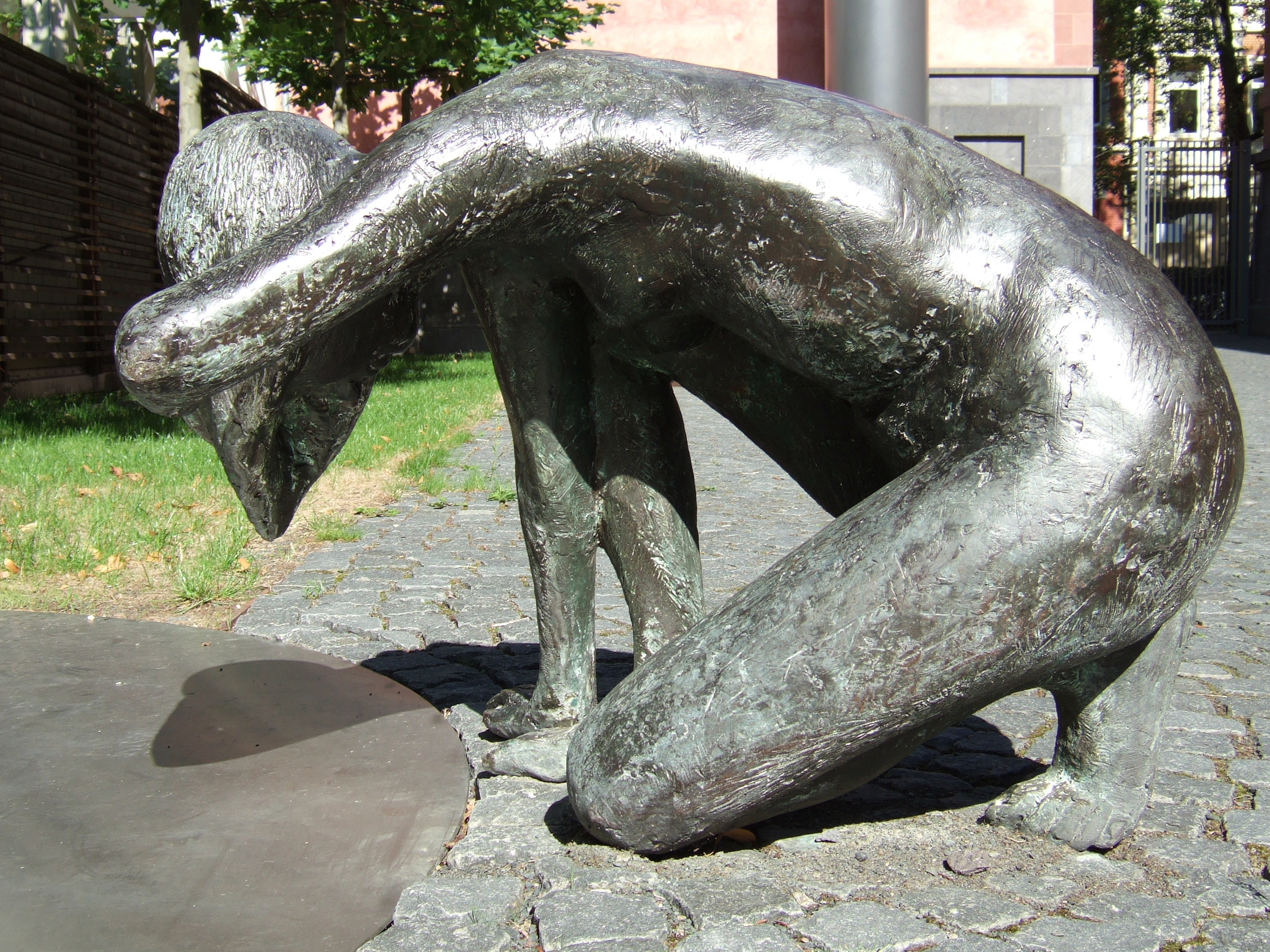 Sculpture by Ernemann Sander: Die Badende in front of Rheinisches Landesmuseum Bonn
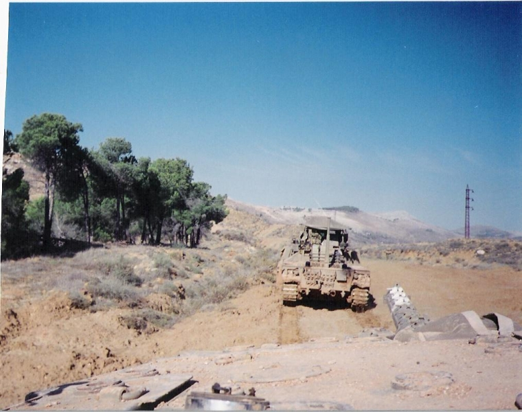 פתיחת ציר שיצאה מעיישיה לריחן 1995 (תמונה צולמה על ידי עמיחי טובן )
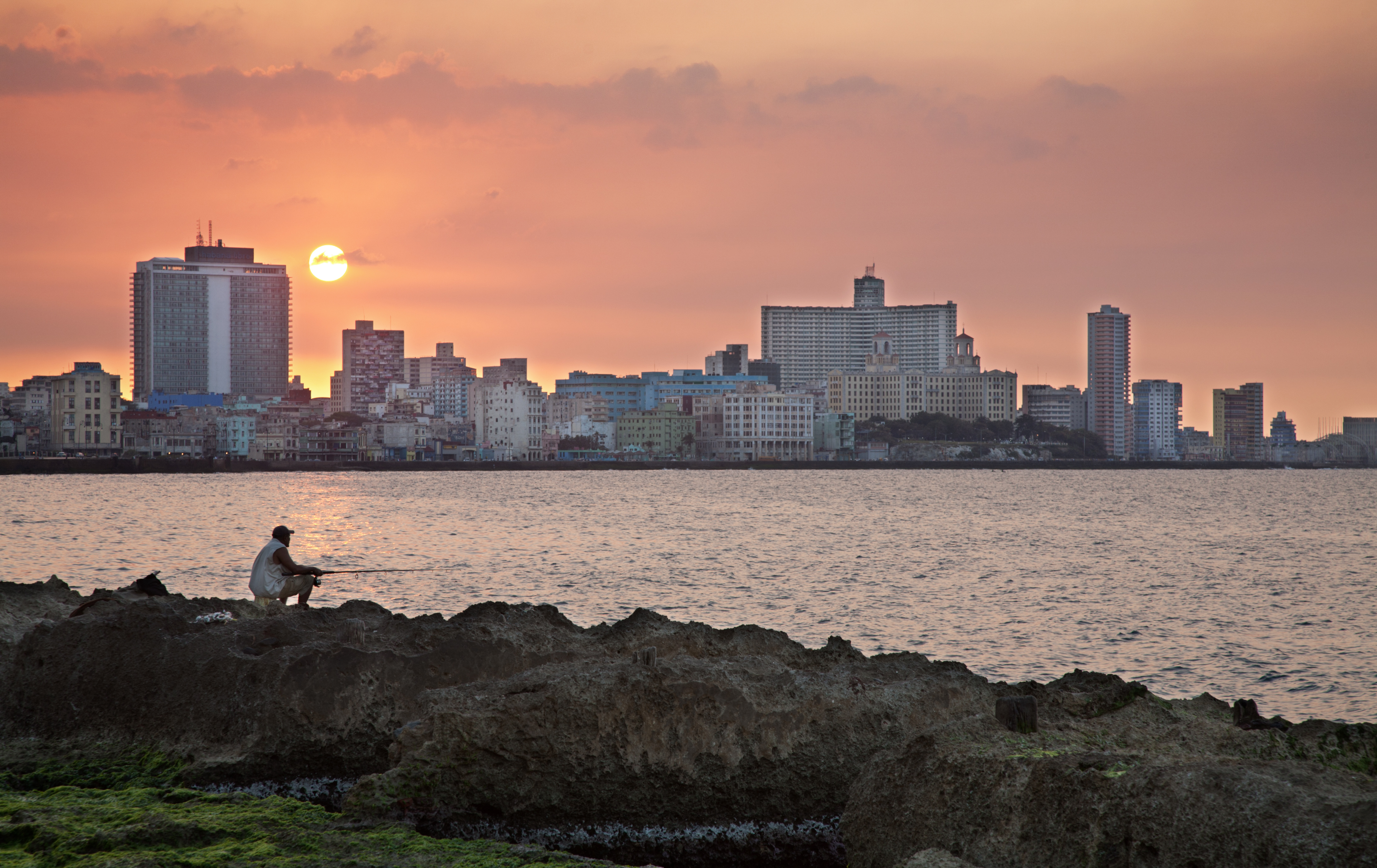 Fishing at the Malecon at sunset. At the back, the Hotel Nacional in Vedado. Havana (La Habana), Cuba

> **Task description**
Please retype the whole listing above exactly, without any of its images.

> **Result for this exercise**
 Sculpture by Ernemann Sander: Die Badende in front of Rheinisches Landesmuseum Bonn
 פתיחת ציר שיצאה מעיישיה לריחן 1995 (תמונה צולמה על ידי עמיחי טובן )
 Fishing at the Malecon at sunset. At the back, the Hotel Nacional in Vedado. Havana (La Habana), Cuba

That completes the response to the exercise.